End-to-end object detectors. End-to-end object detection has emerged as a paradigm shift from traditional pipelines, offering streamlined architectures [ 53 ]. DETR [ 4 ] introduces the transformer architecture and adopts Hungarian loss to achieve one-to-one matching prediction, thereby eliminating hand-crafted components and post-processing. Since then, various DETR variants have been proposed to enhance its performance and efficiency [ 42 , 67 , 56 , 30 , 36 , 28 , 5 , 77 , 82 ]. Deformable-DETR [ 81 ] leverages multi-scale deformable attention module to accelerate the convergence speed.
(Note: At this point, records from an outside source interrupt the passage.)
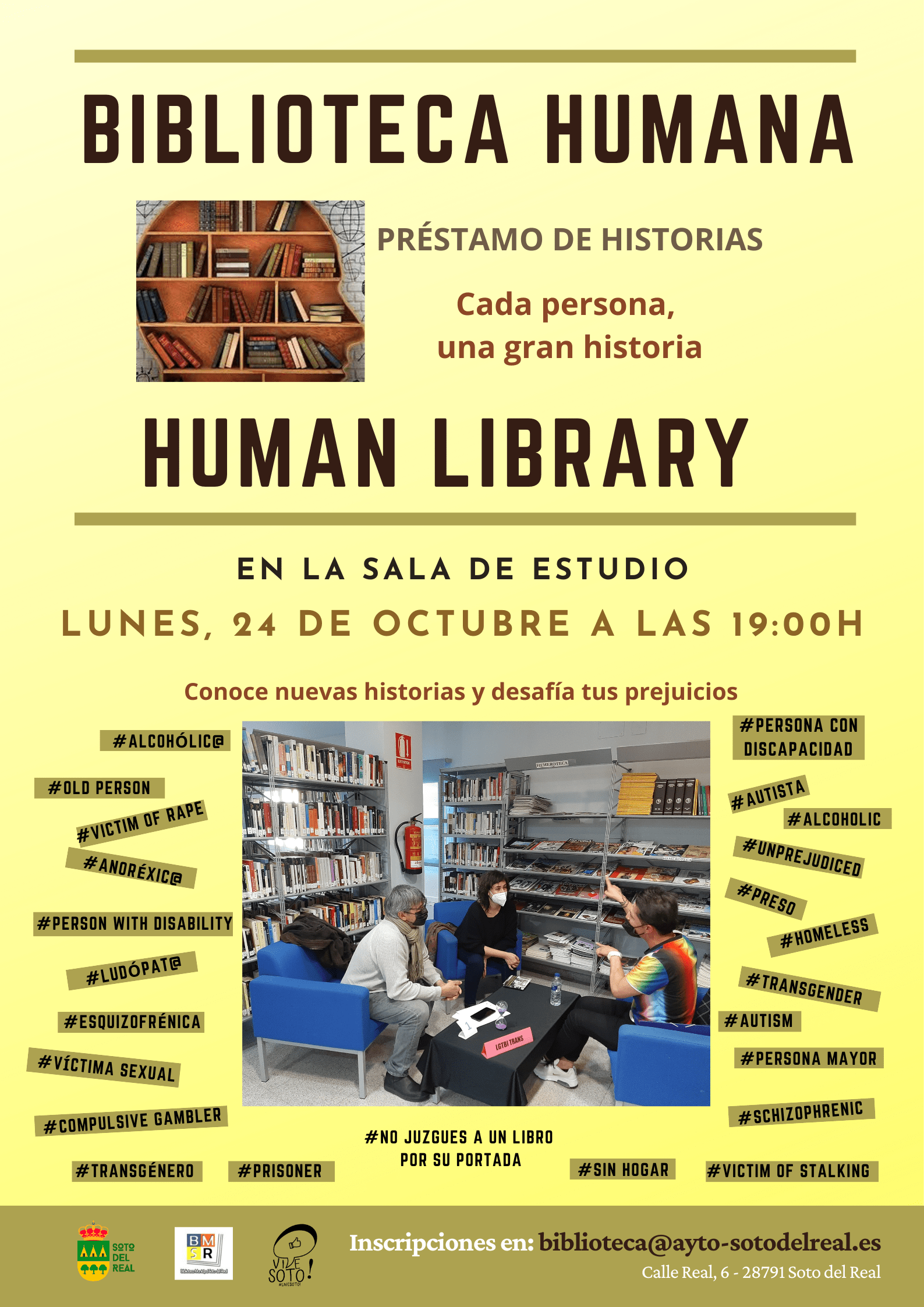 Cambiamos textos por personas que cuentan sus vivencias y experiencias de forma totalmente desinteresada. Es un concepto de biblioteca como tejido social que pretende combatir prejuicios. En lugar de prestar un libro se presta una charla con una persona con algún tipo de estigma social.
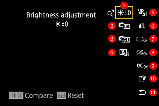 1. Brightness adjustment: EV-1, EV-2/3, EV-1/3, EV±0, EV+1/3, EV+2/3, EV+1
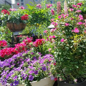 家の正面を裏側から撮ってみました。(*´-`)❤ミニチュアバラと赤のアイビーゼラニウムがお気に入りです☺
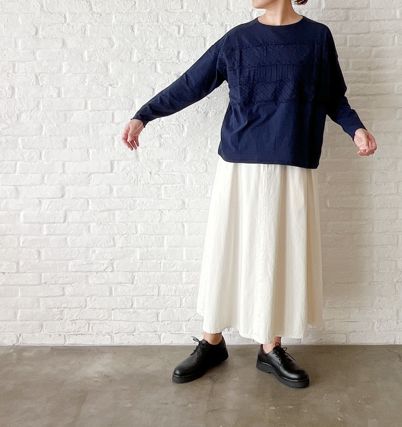 col.02 オフホワイト・36size(着用)/35 フェードブルー/24 インディゴ/size展開・34 ¥39,600
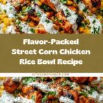 This Street Corn Chicken Rice Bowl combines smoky, flavorful chicken with creamy, tangy street corn for a satisfying and vibrant meal. Perfect for a quick weeknight dinner or a casual gathering, it brings the taste of Mexican street food right to your table.
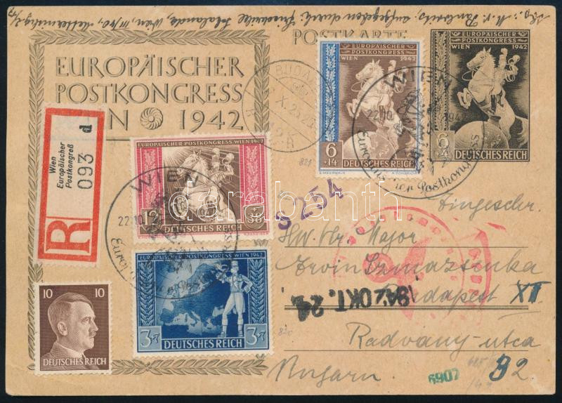 1942 Ajánlott, cenzúrázott levelezőlap Budapestre https://www.darabanth.com/hu/510-Gyorsarveres/510.0/Kulfoldi-filatelia-es-postatortenet/Deutsches-Reich~881/1942-Ajanlott-cenzurazott-levelezolap-Budapestre~II3405755

DINO [ 73 ] integrates contrastive denoising, mix query selection, and look forward twice scheme into DETRs. RT-DETR [ 78 ] further designs the efficient hybrid encoder and proposes the uncertainty-minimal query selection to improve both the accuracy and latency. Another line to achieve end-to-end object detection is based CNN detectors. Learnable NMS [ 24 ] and relation networks [ 26 ] present another network to remove duplicated predictions for detectors. OneNet [55] and DeFCN [66] propose oneto-one matching strategies to enable end-to-end object detection with fully convolutional networks. F C O S p s s \mathrm{FCOS}_{\mathrm{pss}} FCOSpss [80] introduces a positive sample selector to choose the optimal sample for prediction.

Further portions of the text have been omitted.